Benefits. Debugging gets faster, often dramatically: every step the agent took is inspectable, and a failed run can be opened, read, and explained instead of guessed about. Cost shows up where it actually came from, because token usage is broken down per span and rolled up per trace. Multi-agent correlation works without scaffolding — the tree shape preserves the parent-child structure across delegations. Because every span carries inputs and model version, runs become replayable: a thousand captured traces can be re-fed to a new model offline before anyone has to commit to the upgrade. And the organization can build evals that score real production traces, not just synthetic test cases.

Liabilities. Traces are verbose. A long agentic run can produce thousands of spans, each with a payload of inputs and outputs, and storing every trace in full quickly gets expensive. Sampling and retention policies are unavoidable: keep all traces for failed runs and a percentage of successful ones, and tier the storage so old traces age into cheaper backends. Trace data is also sensitive. Model inputs and tool arguments often contain personally identifiable information, API keys, or internal documents, so the same handling rules that apply to logs apply with more force to traces. A trace pipeline that leaks customer data into long-term storage is now a privacy incident, not just an observability lapse.

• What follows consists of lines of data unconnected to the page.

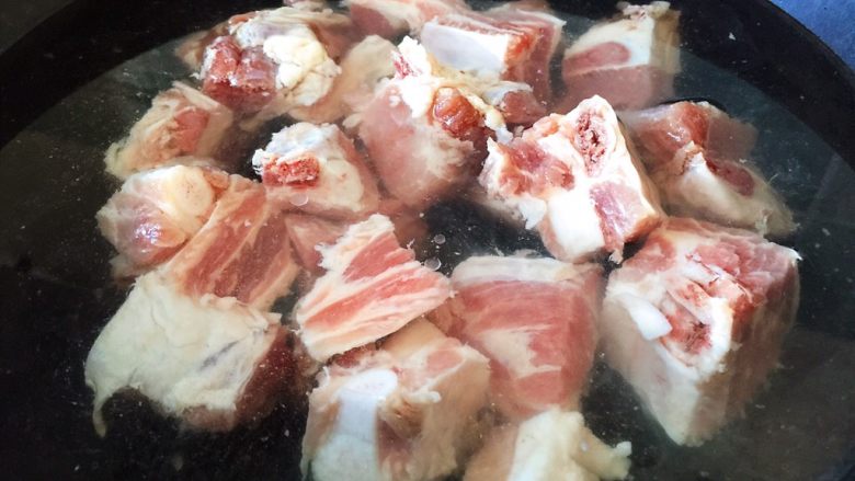 12. 添水没过排骨(最好多一些),大火烧开转中火炖至排骨8分熟
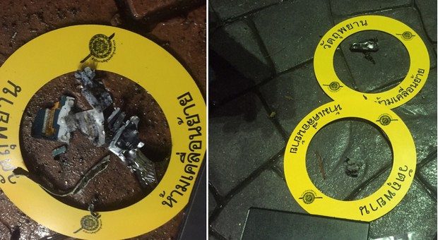 Những mảnh bom được đánh dấu tại hiện trường ngay sau vụ nổ là bằng chứng cho thấy đây là những quả bom liều chết nhưng thực tế chúng gây ra mức thương vong thấp. Ảnh: Matichon. |
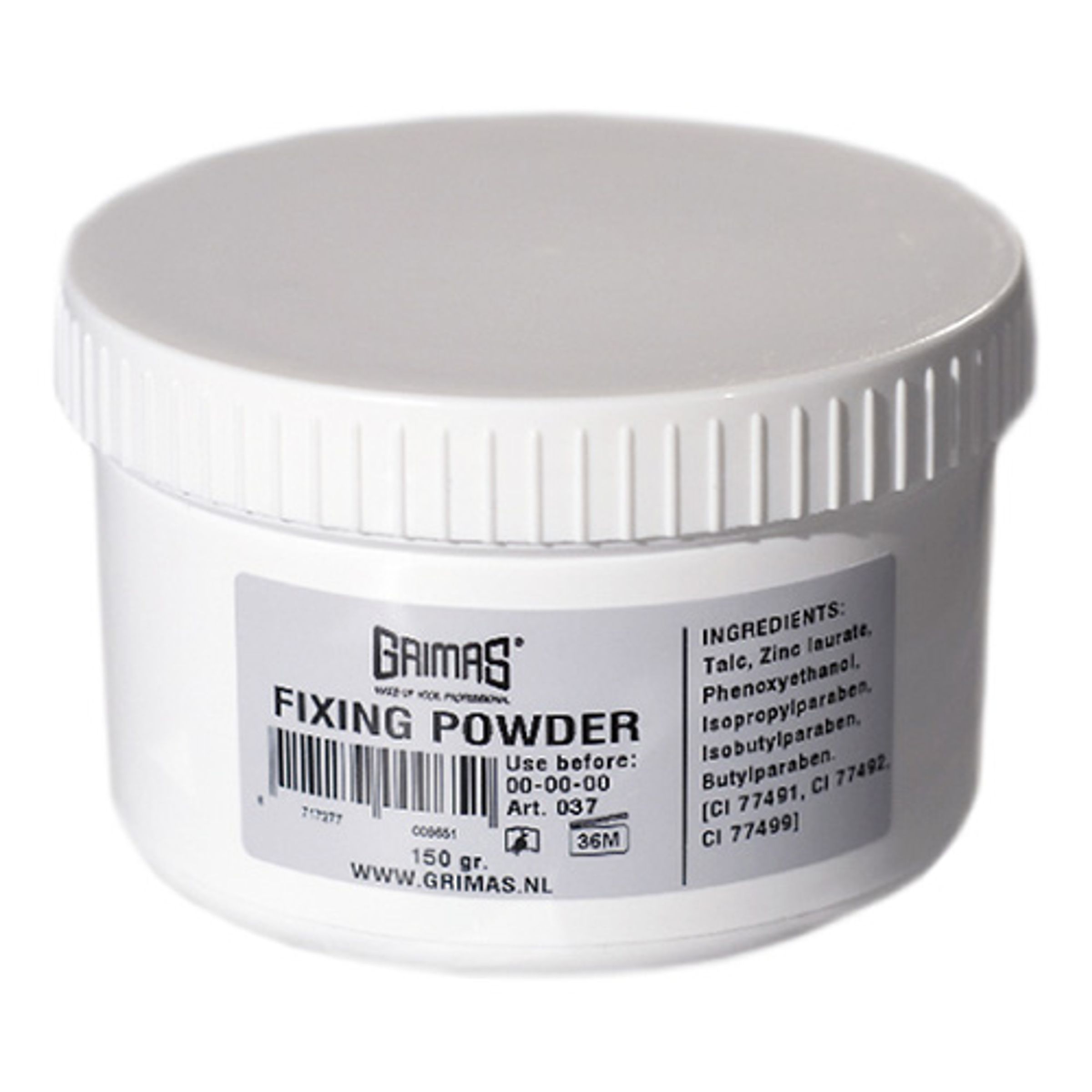 Grimas Fixeringspuder Foundation och Läppstift är en burk löst, transparent och vattenavvisande puder som används för att fixera foundation och läppstift. Eftersom pudret är genomskinligt påverkar det inte färgen under men det kan ge en uppljusande effekt.
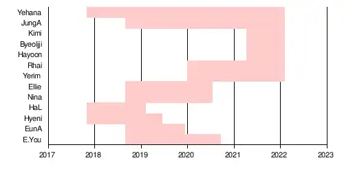 In 2017 and 2018, the group went through several lineup changes as Jaina, Woori, Vivian, Julie, Lina, and Suha left the group. A new member Cindy was added, but she also left the group. New members E.You, EunA, Ellie, JungA, & Nina were added, bringing the total number of members to six.
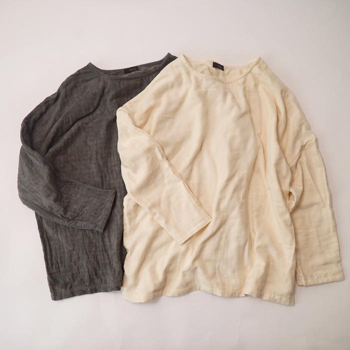 有兩套 T 恤可供選擇,一套是純棉原色,另一套是用柿子澀染料染成的深灰色,可以每天穿著。
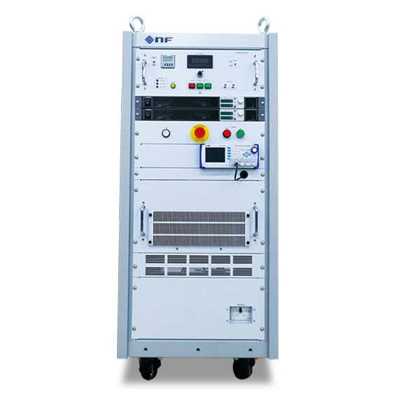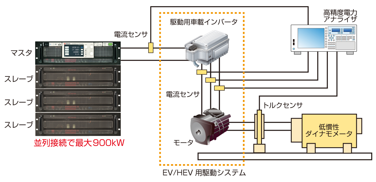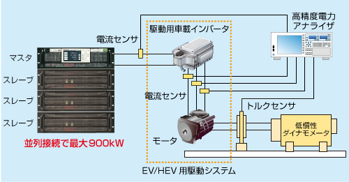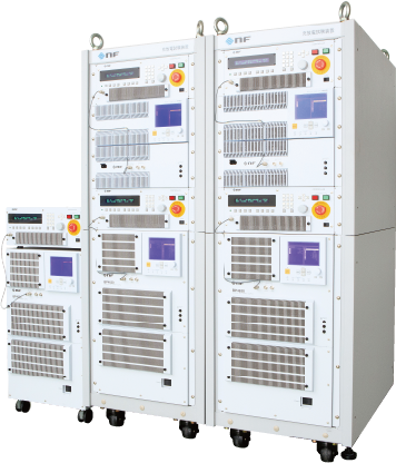 大容量化が進む車載用インバータの試験において、駆動システムの評価に大容量直流電源が必要です。WPシリーズは大容量に対応する上、オートレンジ出力により、システムにあわせた最適な試験電圧・電流を供給可能です。
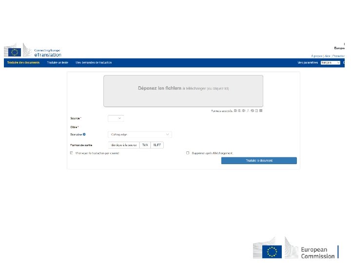 Language technology • • e. Translation Euramis Interinstitutionally used CAT tool Other language applications, eg. Quest search, DGTVista, QA tools, etc.
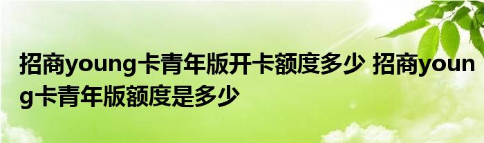 导读 大家好,小元来为大家解答问题。招商young卡青年版开卡额度多少,招商young卡青年版额度是多少这个很多人还不知道,现在让我们一起来了解下

The hardest trap is trace drift. A team instruments tool calls, ships, and then a new tool gets added without a span. Six weeks later, the new tool is the third most expensive call in the system and nobody can see it. Treat agent traces as a contract on the agent’s instrumentation, the same way a typed interface is a contract on a function. New tools, new sub-agent roles, and new retrieval sources need their span shape defined when they are added, not after the fact. Frameworks that emit spans automatically on tool registration close most of the gap, but the discipline still belongs to the team.

A second trap is using a trace as a substitute for evaluation. A trace tells you what the agent did. It doesn’t tell you whether what the agent did was correct. Two traces with identical shapes can have wildly different quality, and only an Eval or a downstream business metric will tell you which is which. Pair the trace with a quality signal; a trace alone is not a verdict.

Sources

Benjamin Sigelman and colleagues at Google described the span-and-trace model in Dapper, a Large-Scale Distributed Systems Tracing Infrastructure (Google Technical Report, 2010). Every modern tracing system, including the agent-focused ones, inherits its data model from this paper.

The OpenTelemetry project published the GenAI Semantic Conventions (2024-2025), standardizing the attribute names for model calls, tool calls, and token usage that most agent tracing platforms now emit.

Cindy Sridharan’s Distributed Systems Observability (O’Reilly, 2018) framed the three-pillars model and gave practitioners the vocabulary that the agent-tracing community extended.

Charity Majors, Liz Fong-Jones, and George Miranda’s Observability Engineering (O’Reilly, 2022) made the case for wide events with high cardinality as the unit of observability, the property that lets a trace span carry the structured payload an agent run requires.

The trace-tree shape entered the agent literature through the practitioner community around 2024-2025, as platforms such as LangSmith, Langfuse, and Arize Phoenix converged on OpenTelemetry-compatible trace models for multi-step LLM applications. The convergence is community-driven rather than the work of a single author.

Further Reading

  • The OpenTelemetry GenAI working group publishes the active semantic conventions and discusses open issues; it is the closest thing to a standards body for agent tracing.
  • The Honeycomb blog’s series on wide events and high-cardinality observability remains the best practitioner-level introduction to the data-shape choices that determine whether a trace pipeline scales to agent workloads.